▽

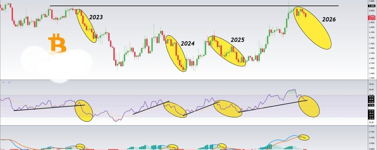 Look at the structure in your chart. Every year follows the same rhythm, but never in a way that feels obvious while you’re inside it. Price pushes up, people get louder, timelines fill with conviction—and then something subtle shifts. Not price. Not yet. Just momentum.
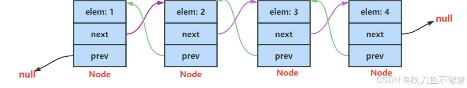 下图很好的展示了什么是通过节点的引用来管理元素的存储和连接以及双向链表的构成:
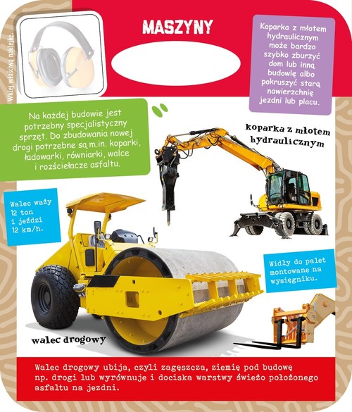 Jaka jest największa maszyna na budowie? Czy traktor pracuje tylko na polu? Jakie są typy maszyn budowlanych?... na te i wiele innych pytań znajdziesz odpowiedzi w naszej książeczce. Czytaj ciekawostki o maszynach i koloruj je, uzupełniaj puste pola naklejkami.
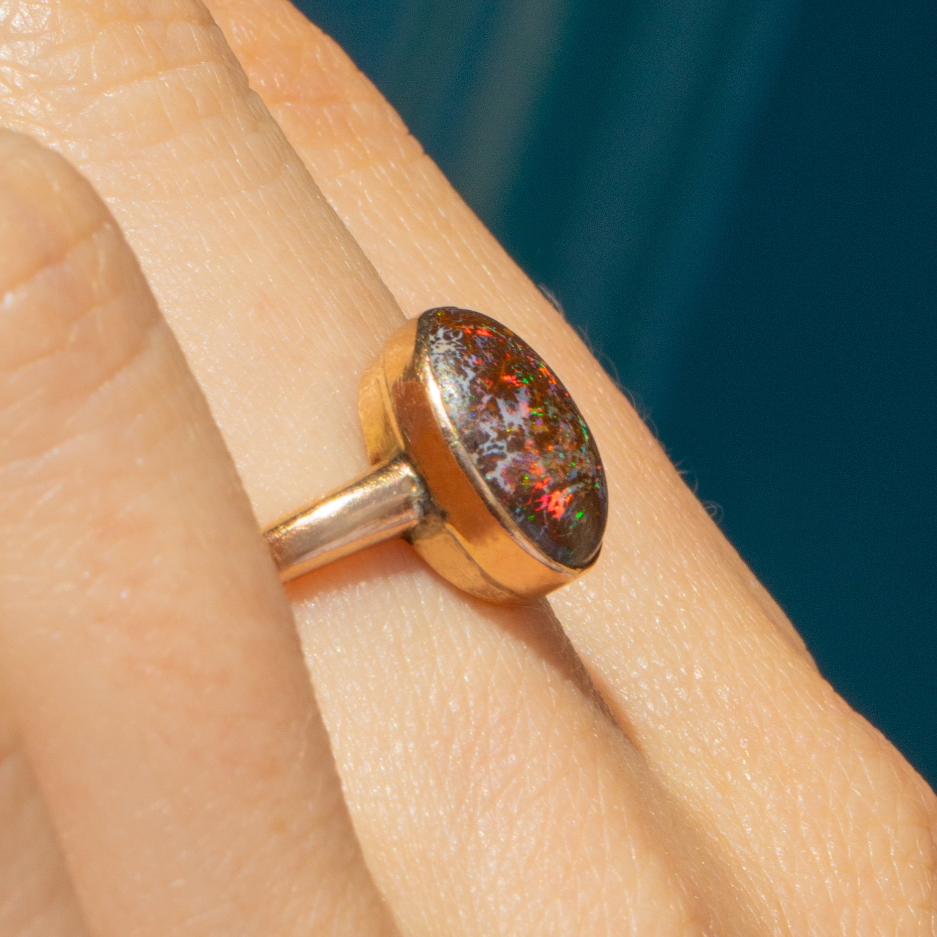 This phenomenal antique 9ct Gold Wood Opal ring is guaranteed to add some intrigue to your collection! Crafted from solid 9ct Gold, this Victorian ring has a superb cabochon-cut Wood Opal boasting a confetti display of neon colours across its smooth surface.
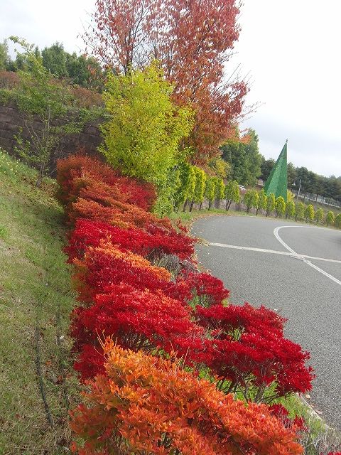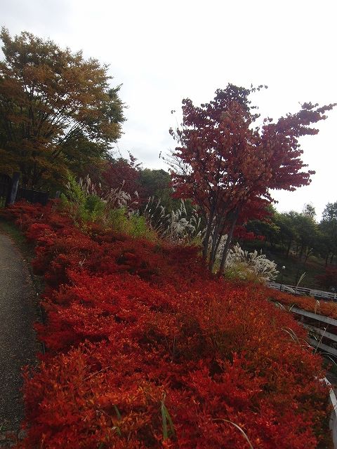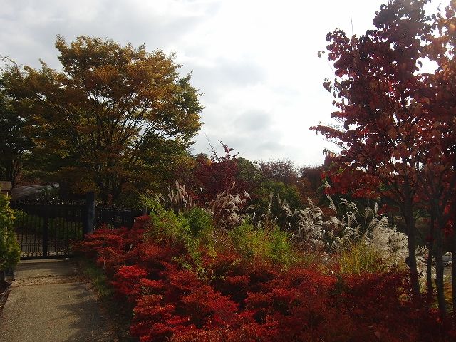 ハイジの村、門から駐車場まで続くドウダンツツジのレッドカーペット!私随分前から赤くなるのを待っていたんです。それがここ最近の冷え込みで見事に紅葉しました!!
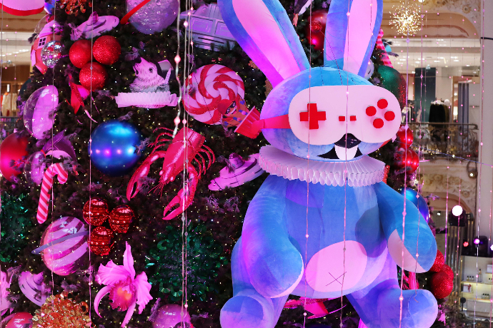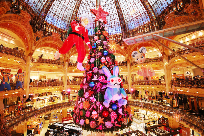 在法国巴黎老佛爷百货商场拍摄的巨型圣诞树。
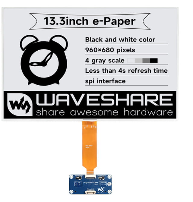 | 13.3inch e-Paper HAT | 黑、白 | 16 | 1600×1200 | 270.40 × 202.80 | 285.80 × 213.65 | <1 | √ | √ | - |
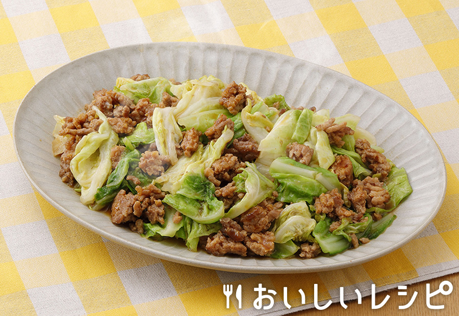 - フライパンに油を熱し、挽き肉を炒め、キャベツを加えて炒め合わせ、「黄金の味」で味付けして、出来あがりです。
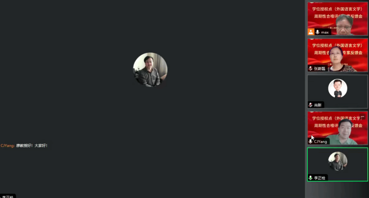 线上召开了外国语言文学硕士学位授权点周期性评估专家反馈会,会议由沈国荣副院长主持,硕士导师、英语系骨干教师等30余人参加了会议。
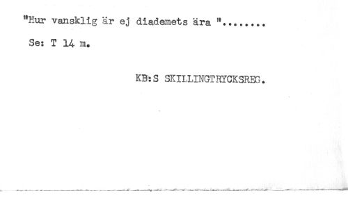 //// "Hur vansklig är ej diademets ära "........ //// Se: T 14 m. //// KB:S SKILLINGTHYCKSRBG. ////
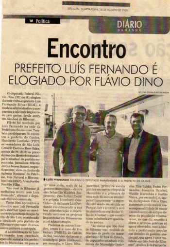 Ribamar Alves não é o primeiro membro da oposição a elogiar a administração de Luís Fernando Silva (PMDB) à frente da Prefeitura de São José de Ribamar. O presidente da Embratur, Flávio Dino (PCdoB), provável adversário do peemedebista na disputa pelo Governo do Estado em 2014, também já destacou sua passagem como prefeito. “São José de Ribamar já melhorou muito com Luis Fernando”, disse, em agosto de 2009, após uma visita à cidade junto com o ex-prefeito de Caxias e seu patrono político, Humberto Coutinho (PDT).
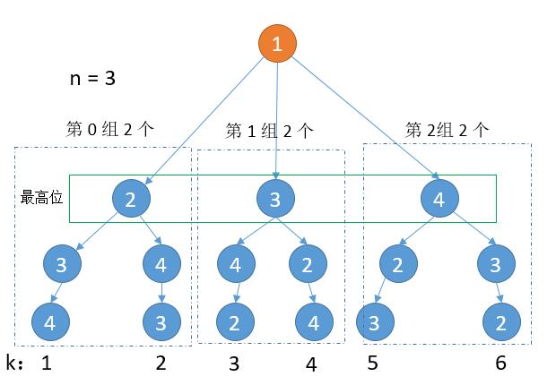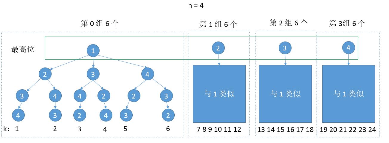 以 n = 4 为例,可以结合下图看一下。因为是从小到大排列,那么最高位一定是从 1 到 4。然后可以看成一组一组的,我们只需要求出组数,就知道最高位是多少了。而每组的个数就是 n - 1 的阶乘,也就是 3 的阶乘 6。
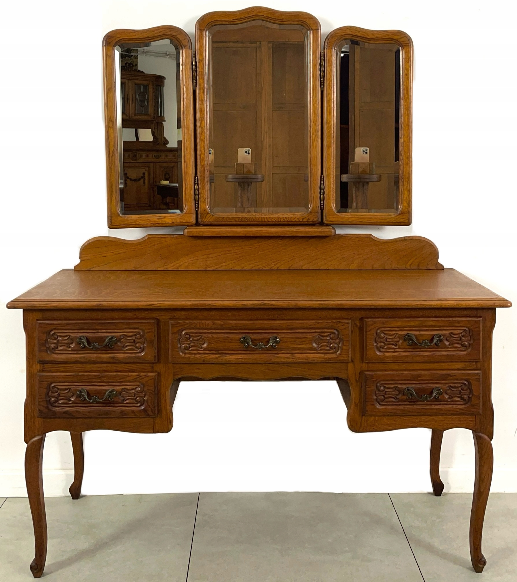 Верхняя часть туалетного столика представляет собой тройное хрустальное зеркало. Зеркало скошено и родом из той эпохи. Дубовая рама, две подвижные створки.
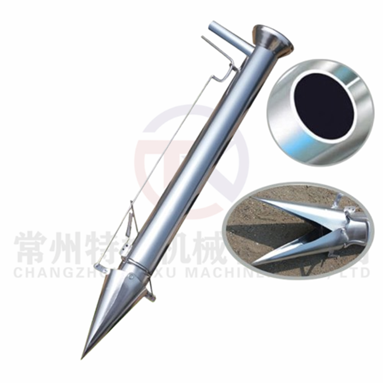 2,put the seeds into seeds box,then hold the planter and plug the sharp mouth into the soil(the depth is adjustable),buttoning the wrench and lifting the planter to finish the planting.
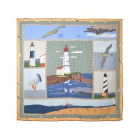 Scenes of the lighthouse by Bay quilt magnificently display details of a light house by the sea. This serene scene with flying seagulls over deep blue seas and waves crashing in to the rocks, you can almost feel the mist spraying on your face. A truly tranquil setting. Three lighthouses are portrayed in this Quilt with the middle one standing majestically on a rocky seashore bay. The seagulls flying above the sea forms another added attraction. The swan, the stork on the seashore and the birds serenely walking on the sandy beach are other features which will attract you.
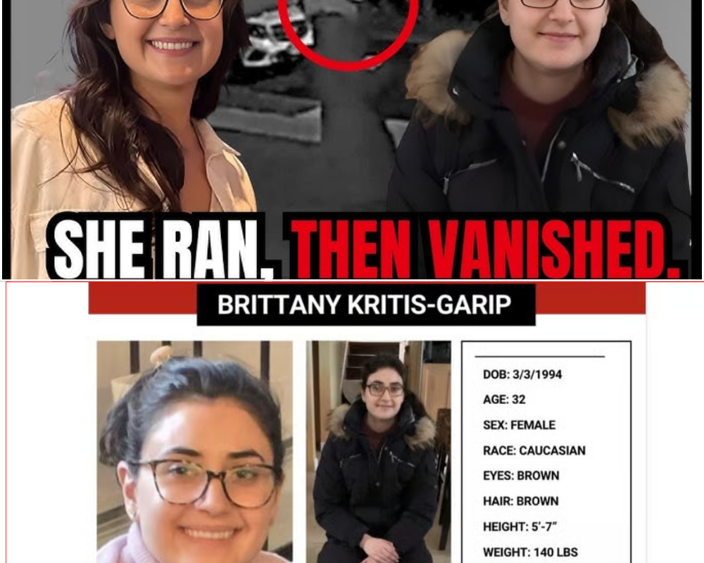 On Friday, March 20, 2026, just after 8 p.m., a grainy security camera on McCouns Lane in the affluent hamlet of Oyster Bay, Long Island, captured a haunting final image: 32-year-old Brittany Kritis-Garip walking alone down a dimly lit suburban street. Dressed in black pants and a black jacket with a fur collar, she moved with an unsteady, hurried gait under the faint glow of streetlights. Minutes earlier, according to her husband Fernando Garip, she had been riding with him when something inside her suddenly broke. In a state of pure panic, Brittany leapt from the moving car, hurled her cellphone into a thick patch of roadside bushes as if desperate to disappear from the world, and ran off into the cool spring evening. That impulsive act set in motion one of the most urgent and emotionally charged missing-person searches on Long Island in recent memory.
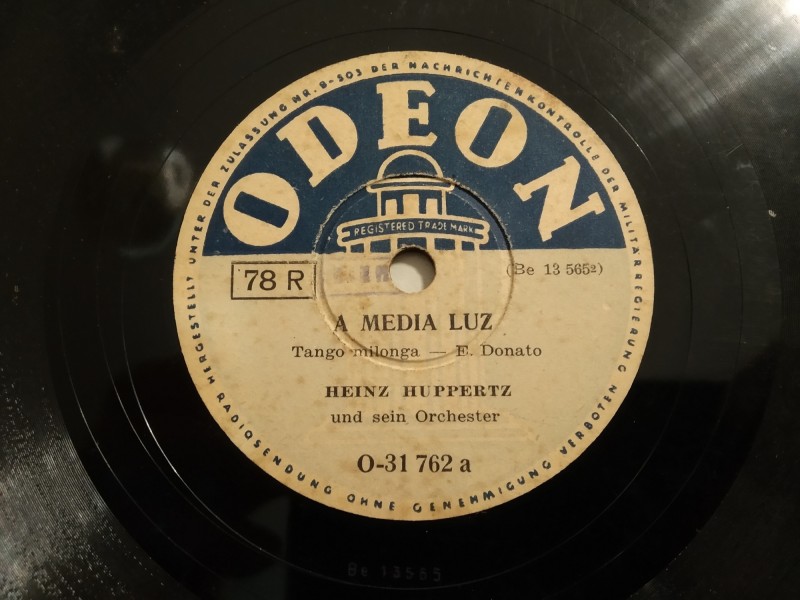 Δισκος 78 στροφων SHELLAC 78rpm ODEON LA PLATA MIA Heinz Huppertz A MEDIA LUZ Tango milonga Donato 25cms
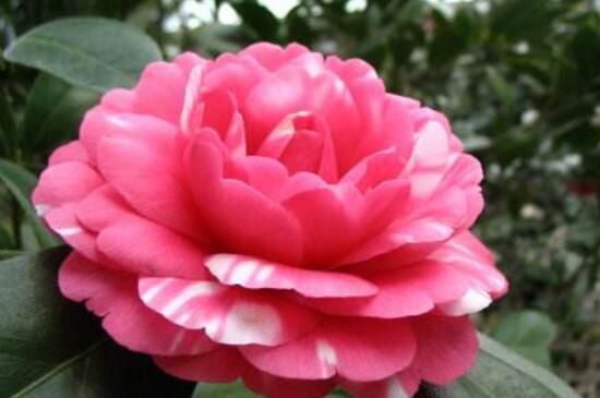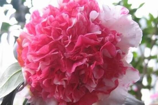 皇冠山茶花為花牡丹山茶花的變種,花色為紅白混合交叉,由于花色和杜鵑品種的皇冠靠近,所以也沿用“皇冠”為其名。花期在1~2月份。
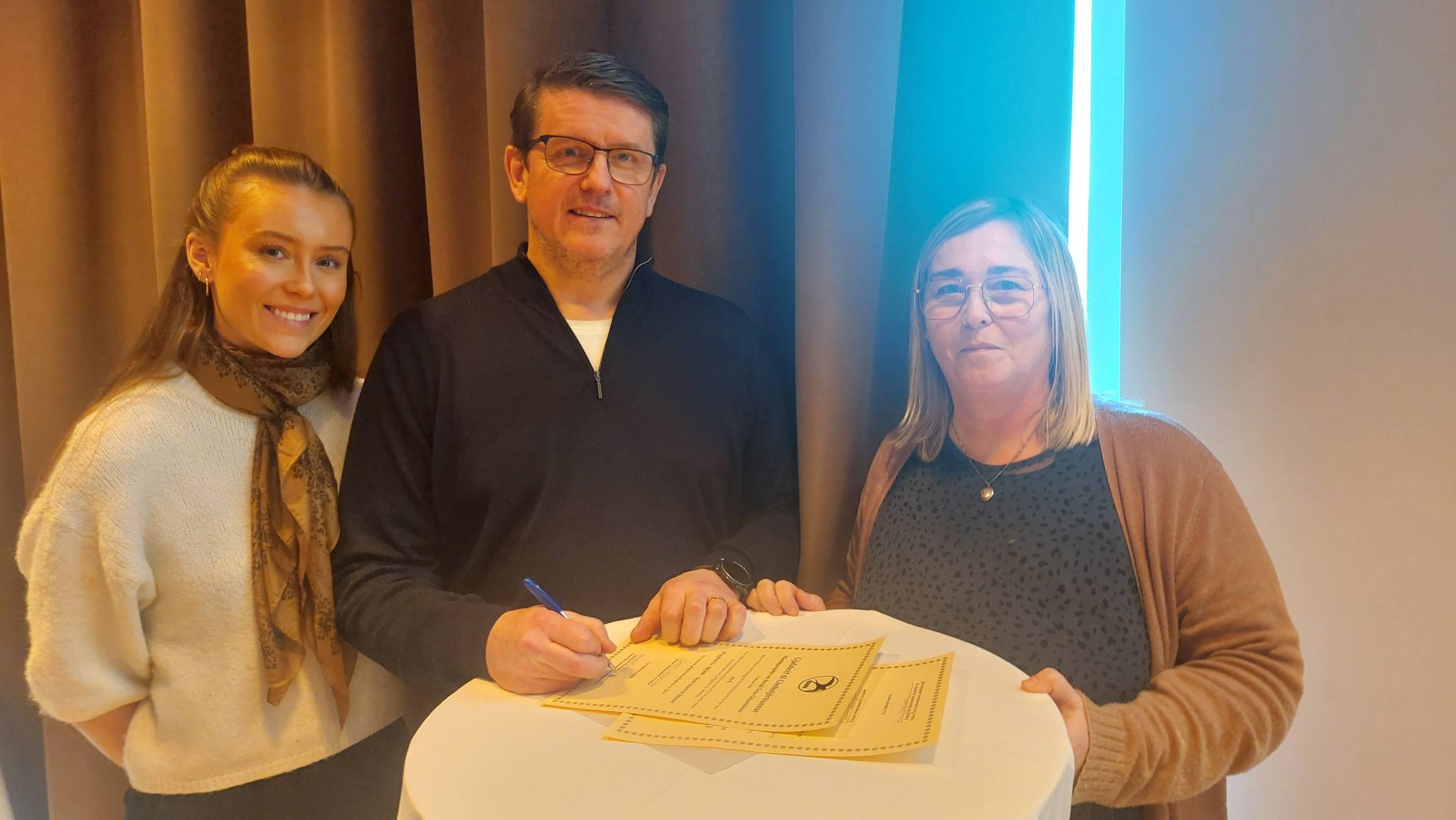 Guðrún formaður undirritar gjafabréfin. Jenný gjaldkeri og Sigríður deildarstjóri fylgjast með
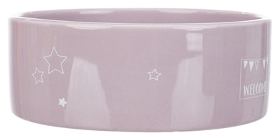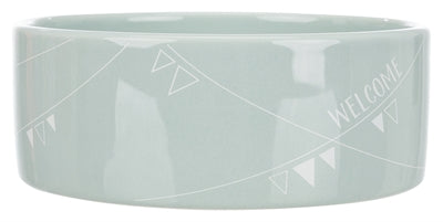 Der Trixie Junior Keramik-Futternapf 14 cm 200 ml ist ein extra wasserarmer Napf oder Futternapf für Ihren Welpen, Hund oder Ihre Katze. Dieses niedliche Wasserbecken hat auf der Innenseite niedliche Abdrücke eines Tiergesichts und Flaggen mit "Willkommen" auf der Außenseite. Der Napf ist aus lackierter Keramik gefertigt, so dass er für Trockenfutter, Nassfutter und Wasser geeignet und leicht zu entfernen ist. Der Anleger wird in weichen Pastellfarben sortiert geliefert: eine Farbwahl ist nicht möglich.
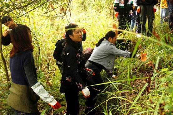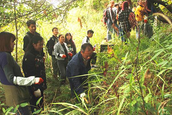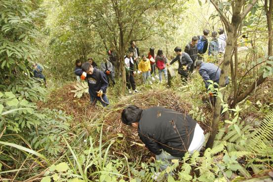 自今年四月清明过后,老师同学们又一次来到了这里,经过半年的光阴,曲折的小路已被杂草覆盖。资环老师们不怕辛苦,按照记忆中的路线带领着学生会代表一起斩草开路,最终在比人还高的草海中开辟出了一条道路。
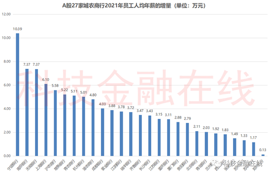 如果从人均年薪的变化量来看,27家上市银行2021年的人均年薪较上年同期相比,都出现了一定程度地上涨。
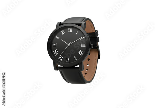 A floating black wristwatch with Roman numerals, isolated on a solid white background.

△

> Problem
Line by line, restate the data above exactly as it stands, minus the pictures.

> Your response
 Look at the structure in your chart. Every year follows the same rhythm, but never in a way that feels obvious while you’re inside it. Price pushes up, people get louder, timelines fill with conviction—and then something subtle shifts. Not price. Not yet. Just momentum.
 下图很好的展示了什么是通过节点的引用来管理元素的存储和连接以及双向链表的构成:
 Jaka jest największa maszyna na budowie? Czy traktor pracuje tylko na polu? Jakie są typy maszyn budowlanych?... na te i wiele innych pytań znajdziesz odpowiedzi w naszej książeczce. Czytaj ciekawostki o maszynach i koloruj je, uzupełniaj puste pola naklejkami.
 This phenomenal antique 9ct Gold Wood Opal ring is guaranteed to add some intrigue to your collection! Crafted from solid 9ct Gold, this Victorian ring has a superb cabochon-cut Wood Opal boasting a confetti display of neon colours across its smooth surface.
 ハイジの村、門から駐車場まで続くドウダンツツジのレッドカーペット!私随分前から赤くなるのを待っていたんです。それがここ最近の冷え込みで見事に紅葉しました!!
 在法国巴黎老佛爷百货商场拍摄的巨型圣诞树。
 | 13.3inch e-Paper HAT | 黑、白 | 16 | 1600×1200 | 270.40 × 202.80 | 285.80 × 213.65 | <1 | √ | √ | - |
 - フライパンに油を熱し、挽き肉を炒め、キャベツを加えて炒め合わせ、「黄金の味」で味付けして、出来あがりです。
 线上召开了外国语言文学硕士学位授权点周期性评估专家反馈会,会议由沈国荣副院长主持,硕士导师、英语系骨干教师等30余人参加了会议。
 //// "Hur vansklig är ej diademets ära "........ //// Se: T 14 m. //// KB:S SKILLINGTHYCKSRBG. ////
 Ribamar Alves não é o primeiro membro da oposição a elogiar a administração de Luís Fernando Silva (PMDB) à frente da Prefeitura de São José de Ribamar. O presidente da Embratur, Flávio Dino (PCdoB), provável adversário do peemedebista na disputa pelo Governo do Estado em 2014, também já destacou sua passagem como prefeito. “São José de Ribamar já melhorou muito com Luis Fernando”, disse, em agosto de 2009, após uma visita à cidade junto com o ex-prefeito de Caxias e seu patrono político, Humberto Coutinho (PDT).
 以 n = 4 为例,可以结合下图看一下。因为是从小到大排列,那么最高位一定是从 1 到 4。然后可以看成一组一组的,我们只需要求出组数,就知道最高位是多少了。而每组的个数就是 n - 1 的阶乘,也就是 3 的阶乘 6。
 Верхняя часть туалетного столика представляет собой тройное хрустальное зеркало. Зеркало скошено и родом из той эпохи. Дубовая рама, две подвижные створки.
 2,put the seeds into seeds box,then hold the planter and plug the sharp mouth into the soil(the depth is adjustable),buttoning the wrench and lifting the planter to finish the planting.
 Scenes of the lighthouse by Bay quilt magnificently display details of a light house by the sea. This serene scene with flying seagulls over deep blue seas and waves crashing in to the rocks, you can almost feel the mist spraying on your face. A truly tranquil setting. Three lighthouses are portrayed in this Quilt with the middle one standing majestically on a rocky seashore bay. The seagulls flying above the sea forms another added attraction. The swan, the stork on the seashore and the birds serenely walking on the sandy beach are other features which will attract you.
 On Friday, March 20, 2026, just after 8 p.m., a grainy security camera on McCouns Lane in the affluent hamlet of Oyster Bay, Long Island, captured a haunting final image: 32-year-old Brittany Kritis-Garip walking alone down a dimly lit suburban street. Dressed in black pants and a black jacket with a fur collar, she moved with an unsteady, hurried gait under the faint glow of streetlights. Minutes earlier, according to her husband Fernando Garip, she had been riding with him when something inside her suddenly broke. In a state of pure panic, Brittany leapt from the moving car, hurled her cellphone into a thick patch of roadside bushes as if desperate to disappear from the world, and ran off into the cool spring evening. That impulsive act set in motion one of the most urgent and emotionally charged missing-person searches on Long Island in recent memory.
 Δισκος 78 στροφων SHELLAC 78rpm ODEON LA PLATA MIA Heinz Huppertz A MEDIA LUZ Tango milonga Donato 25cms
 皇冠山茶花為花牡丹山茶花的變種,花色為紅白混合交叉,由于花色和杜鵑品種的皇冠靠近,所以也沿用“皇冠”為其名。花期在1~2月份。
 Guðrún formaður undirritar gjafabréfin. Jenný gjaldkeri og Sigríður deildarstjóri fylgjast með
 Der Trixie Junior Keramik-Futternapf 14 cm 200 ml ist ein extra wasserarmer Napf oder Futternapf für Ihren Welpen, Hund oder Ihre Katze. Dieses niedliche Wasserbecken hat auf der Innenseite niedliche Abdrücke eines Tiergesichts und Flaggen mit "Willkommen" auf der Außenseite. Der Napf ist aus lackierter Keramik gefertigt, so dass er für Trockenfutter, Nassfutter und Wasser geeignet und leicht zu entfernen ist. Der Anleger wird in weichen Pastellfarben sortiert geliefert: eine Farbwahl ist nicht möglich.
 自今年四月清明过后,老师同学们又一次来到了这里,经过半年的光阴,曲折的小路已被杂草覆盖。资环老师们不怕辛苦,按照记忆中的路线带领着学生会代表一起斩草开路,最终在比人还高的草海中开辟出了一条道路。
 如果从人均年薪的变化量来看,27家上市银行2021年的人均年薪较上年同期相比,都出现了一定程度地上涨。
 A floating black wristwatch with Roman numerals, isolated on a solid white background.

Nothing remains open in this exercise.